Её брови изгибаются в удивлении.
— Да, Арманд, именно ты должен давать мне указания, что мне делать, а что нет. —
Остальные уже не пытаются скрыть своё веселье и смеются во весь голос.
— Если зи-Хило узнает…
Она громко смеётся.
— Так почему ты ему не рассказываешь? Ой, подожди, ты же не можешь выйти, не так ли? —
Она подло ухмыляется. — Бедняжка. — Она плавно двигается ко мне. Арманд делает шаг вперёд, но
останавливается.
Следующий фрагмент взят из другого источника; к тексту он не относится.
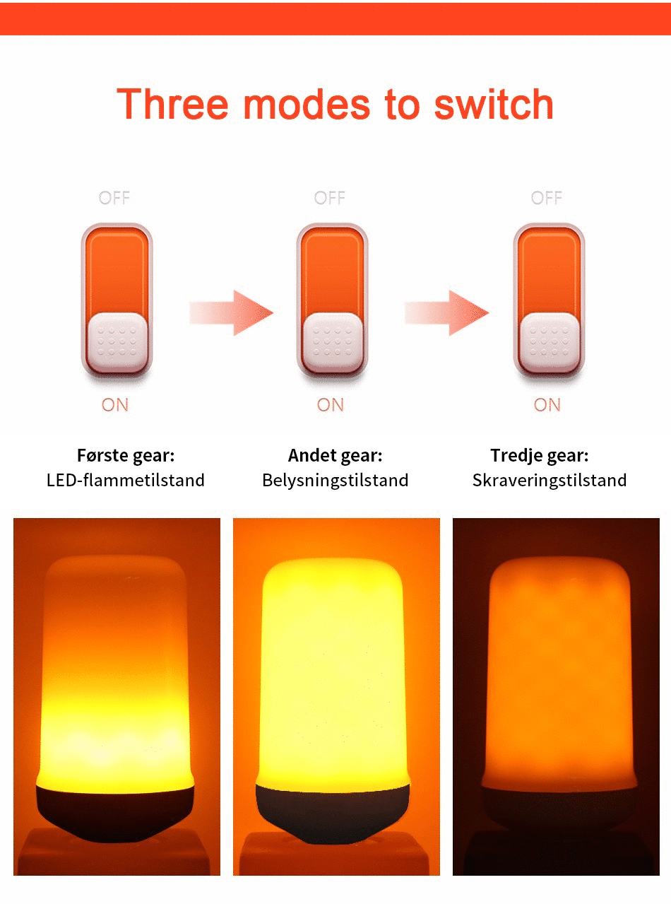 - BRUGSANBEFALING: For at opnå en bedre flammeflimrende effekt, bedes du installere pæren i en matteret glas lampeskærm, lanterne, saltlampe osv. Kunstigt levende flammer, der dynamisk bevæger flammerne og simulerer en naturlig flamme.

Сейчас он бессилен.
Она внимательно рассматривает моё лицо.
— Такое маленькое симпатичное создание, не так ли? На самом деле, я не удивлена, ведь твой
отец… — Она вздыхает в экстазе и прижимает руку к груди. — Но и твою мать я тоже здесь видела.
— Её бледная рука проскальзывает между прутьев, желая дотронуться до моего лица. Я двигаюсь со
скоростью света и практически откусываю ей палец. Она отстраняется и недовольно на меня
смотрит. Я улыбаюсь и хлопаю глазами.
— Как тебе твои апартаменты? Эти казематы, можно сказать, перешли из рук в руки от
матери к дочери. Как мило. — Словно задумавшись, она останавливается, подчёркнуто наклоняя
голову и постукивая блестящим чёрным ногтем по подбородку. — Хотя она была вон там, где твои
друзья. — Она машет в их сторону. Я замираю, но она раскрывает, почему я нахожусь отдельно от
них.
113
Не хочу, чтобы остальные знали, кто я, даже если мне никогда отсюда не выбраться. Даже
если они погибнут. Не хочу смотреть, как меняются их лица, и как дружелюбие сменяется на ужас и
ненависть. И тогда бояться они будут меня, а не за меня.
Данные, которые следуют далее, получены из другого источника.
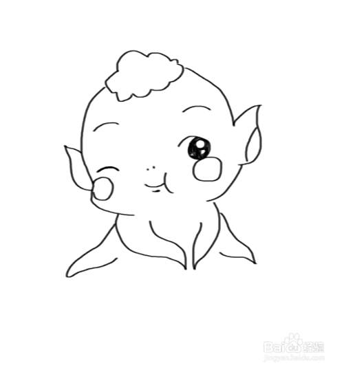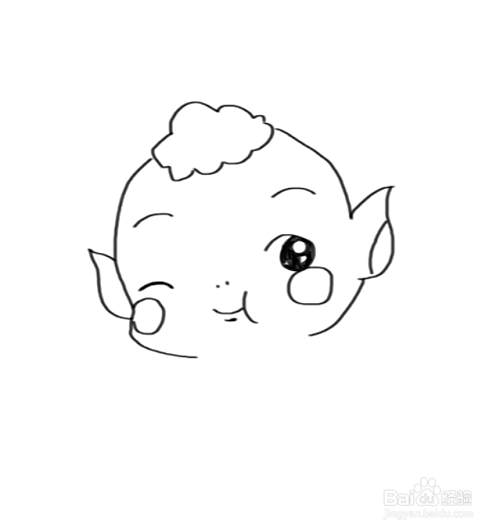 然后画上胡巴胖胖的脸蛋和尖尖的耳朵。

Хочу, чтобы кто-то оплакивал мою смерть.
— Кстати говоря о твоих друзьях… — Она замолкает, и в её улыбке читается всё то, чего я
так боюсь. Моя кровь застывает, пульс ускоряется, а колени подкашиваются. Потоп страха
обрушивается на мою пустыню, и я понимаю, что больше не могу молчать.
— Только попробуй к ним прикоснуться… — рычу я, но я боюсь скорее не за них. И её
улыбка говорит о том, что она это знает. Безумные фантазии о том, чтобы освободиться из этой
клетки и стереть улыбку с её лица, не покидают меня. Ударить, укусить, толкнуть, разорвать, ещё раз
разорвать. Драться. Но ничего из этого я сделать не могу. Я безнадёжно нахожусь в ловушке.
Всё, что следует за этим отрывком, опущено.